In the United Kingdom, where the student-led Extinction Rebellion is a well-established force, trade unions have called for the first national General Strike since 1926.  Boris Johnson’s battered Tory government, already disintegrating under his Brexit clean break debacle, is in big trouble.
Every participating country has its own story, its own heroes.  Some, like New Zealand, plan their Strikes for a week from today, September 27, the anniversary of the publication of Silent Spring, a foundational ecological document in 1962.  Other countries are planning strikes and marches on both days in a one-two punch.

Greta Thunberg outside the White House last week.
In the U.S. the largest Climate Strike action is expected in New York City, where the United Nations is hosting an emergency climate summit.   Greta Thunberg, the sixteen-year-old Norwegian school girl who inspired the international student climate strike movement with her solitary Friday strike in Oslo and is now the movement’s most visible symbol will be on hand supported by US Youth Climate Strike, 350.org, MoveOn, Amnesty International, Extinction Rebellion, Greenpeace International, Oxfam, World Wildlife Fund, Indivisible, the March for Science, Women’s March, Service Employees International Union (SEIU), Labor Network for Sustainability, Green Faith, the Unitarian Universalist Association (UUA), the Unitarian Universalist Service Committee (UUSC) and dozens of others.  New York Public Schools have announced that participation by its students will be considered an excused absence.  A million or more are expected to take to the streets in New York alone.
Other major U.S. actions are scheduled today in Boston, Washington D.C., Philadelphia, Chicago, Los Angeles, San Francisco, Portland, and Seattle.
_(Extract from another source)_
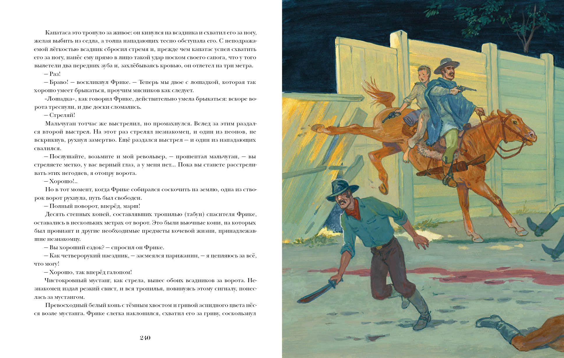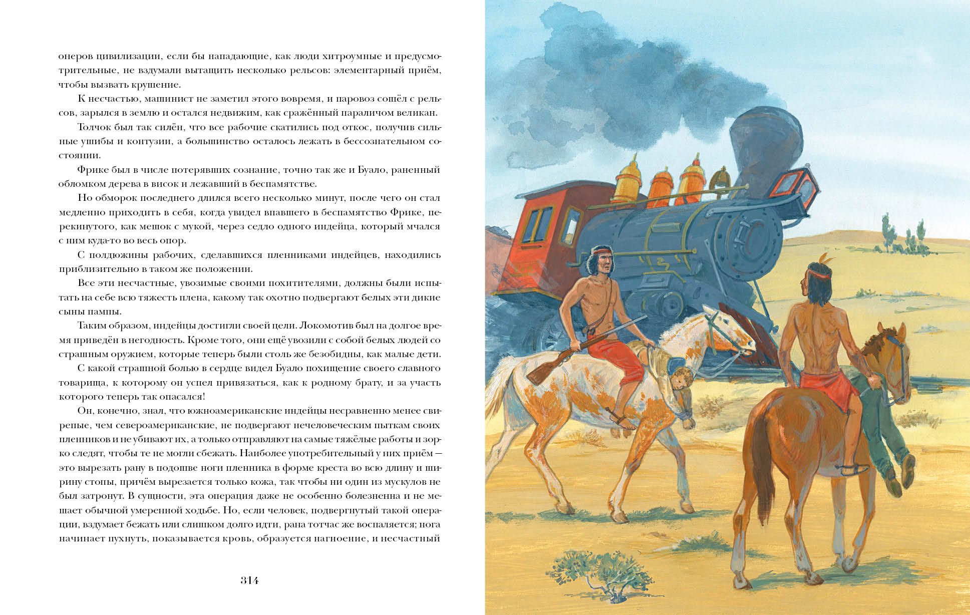 The novel of the master of adventure genre Louis Boussenard tells about the incredible adventures of a young Parisian Victor Guyon nicknamed Fricke and his friends - a young traveler Andre and Dr. Lamperiere - in different parts of the world. Young Fricke and his companion André are commissioned by the Admiral to go in search of a sea doctor who has suddenly disappeared from the ship. Unfortunately, their sloop is attacked by black savages. The heroic battle ends not in favor of the sailors - they find themselves captured by cannibals, where they meet the missing doctor. But this was only the beginning of unthinkable trials that fate has prepared for our heroes: to get into the clutches of slave traders, to escape on an elephant from a gang of robbers, to get over a fever, to experience a deadly snake bite and even to make a fantastic escape from Indian captivity on a flying machine, which is pulled by two condors! Will the three brave travelers be able to escape from the maelstrom of dangers and is there a limit to human endurance and fortitude? The book is illustrated by the famous artist Sergey Yarov.
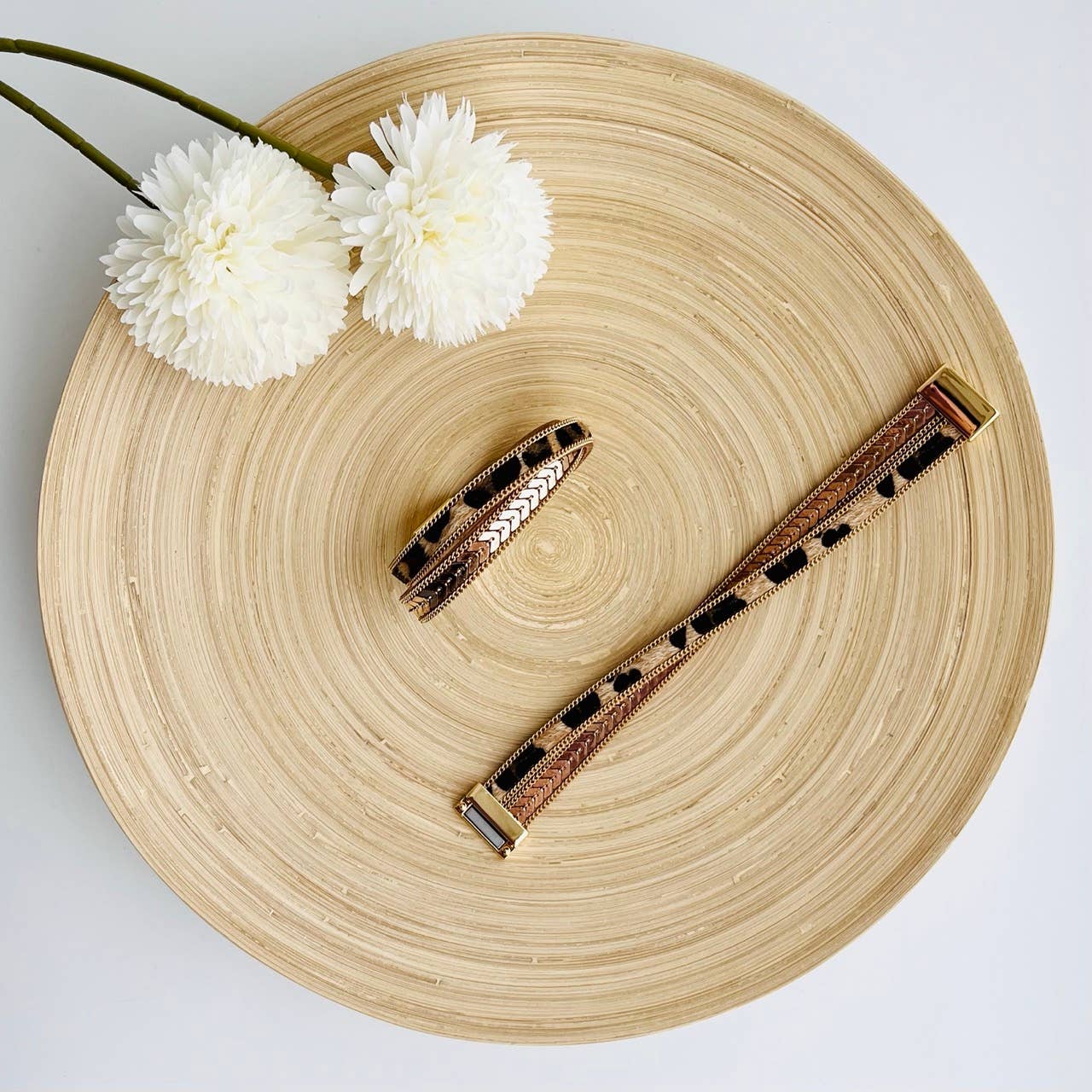 BOHO STRAPPY LEOPARD bracelets are a great addition to any woman's wardrobe. The bangles are neutral colors, and are perfect for any season and any occasion. There is an easy-to-wear magnetic closure. The Cheetah print material is textured. Great stocking stuffer for teens and women.

They will be supported by hundreds of local actions.
Logo for the Chicago Youth Climate March.

The Chicago Youth Climate Strike will start at South Columbus Drive and East Roosevelt Road in the south end of Grant Park near the Field Museum at 11am and march to Federal Plaza, South Dearborn and Adams, for a rally featuring performers and speakers.
I have been promoting the Climate Strike on this blog and in social media for some time and was eagerly planning to take the train down to Chicago to participate.  Alas the other day while looking at the march route I came to an unfortunate but irrefutable conclusion.  I am simply no longer physically able to make such a march, to be on my feet for so many hours, and to be largely unable to have access to toilets.  Since my major illness last year, even relatively moderate exercise leaves me short of breath and weak.  It is a bitter pill for a guy who used to walk miles regularly and who is an old fire horse ready to respond to any call for action.  In fact, the realization leaves me feeling heart broken and useless.  
It must have been weighing heavily on my mind because I woke with a start last night.  I suddenly realized that if Greta Thunberg could start this whole ball rolling with her personal lonely vigil, there is no reason why I can’t conduct my own climate strike right here where I live.

My crappy homemade sign for my one geezer climate strike today.
I took a marker to some poster board, and made a sloppy sign.  While the March is on in Chicago, I will stand at the end of my driveway on busy Illinois Rt. 176 in Crystal Lake and bear my own witness.  Maybe I will call the Northwest Herald and tip them off to the action of a crazy old man in a cowboy hat.  Maybe they will cover it. Maybe they won’t.  I’ll be there either way.  Honk if you drive by.
I invite others like me to do the same.  If your house is not on as busy a street as mine, amble over to some nearby intersection and pass a couple of pleasant hours.  Someone is bound to see you.  
Meanwhile I am so glad young people are taking up where we geezers are leaving off.  After all, the future belongs to you!